*Task item*
Quote exactly, and only, the lines of the material below from the line with "二樓也有一些適合大家庭聚餐、" through the line with "荷蘭光刻機巨頭Asml在6月".

*Records for the task*
>>>

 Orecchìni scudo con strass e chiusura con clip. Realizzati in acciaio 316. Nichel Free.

<<<
>>>

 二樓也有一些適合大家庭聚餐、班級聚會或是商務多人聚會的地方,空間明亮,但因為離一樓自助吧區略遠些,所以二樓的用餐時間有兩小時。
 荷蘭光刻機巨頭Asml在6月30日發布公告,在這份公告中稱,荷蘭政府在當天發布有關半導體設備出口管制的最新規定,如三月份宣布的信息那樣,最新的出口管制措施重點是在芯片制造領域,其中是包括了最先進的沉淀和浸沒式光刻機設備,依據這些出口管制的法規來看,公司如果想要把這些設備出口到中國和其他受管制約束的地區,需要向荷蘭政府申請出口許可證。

<<<
>>>

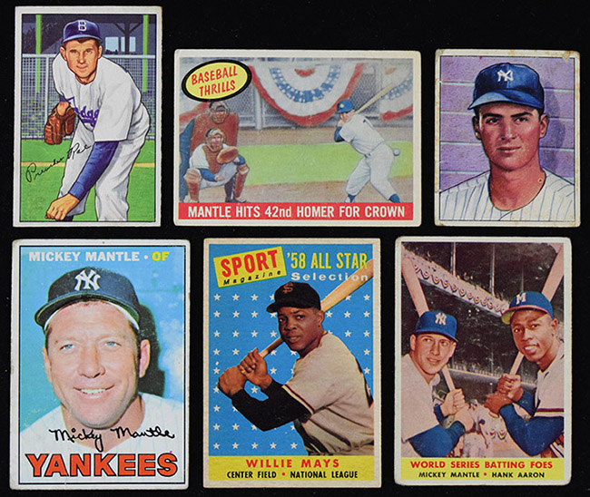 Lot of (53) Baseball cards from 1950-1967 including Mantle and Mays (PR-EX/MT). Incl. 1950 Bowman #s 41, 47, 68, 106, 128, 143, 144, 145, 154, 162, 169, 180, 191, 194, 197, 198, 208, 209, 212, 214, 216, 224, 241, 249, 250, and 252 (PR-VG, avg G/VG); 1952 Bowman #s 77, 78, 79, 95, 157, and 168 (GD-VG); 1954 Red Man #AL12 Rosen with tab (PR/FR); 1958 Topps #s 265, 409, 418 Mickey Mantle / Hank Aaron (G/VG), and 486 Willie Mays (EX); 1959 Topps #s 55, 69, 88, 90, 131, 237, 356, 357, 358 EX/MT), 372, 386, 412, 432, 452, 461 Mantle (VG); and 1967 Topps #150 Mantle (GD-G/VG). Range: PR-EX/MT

<<<

*Output of the task*
 二樓也有一些適合大家庭聚餐、班級聚會或是商務多人聚會的地方,空間明亮,但因為離一樓自助吧區略遠些,所以二樓的用餐時間有兩小時。
 荷蘭光刻機巨頭Asml在6月30日發布公告,在這份公告中稱,荷蘭政府在當天發布有關半導體設備出口管制的最新規定,如三月份宣布的信息那樣,最新的出口管制措施重點是在芯片制造領域,其中是包括了最先進的沉淀和浸沒式光刻機設備,依據這些出口管制的法規來看,公司如果想要把這些設備出口到中國和其他受管制約束的地區,需要向荷蘭政府申請出口許可證。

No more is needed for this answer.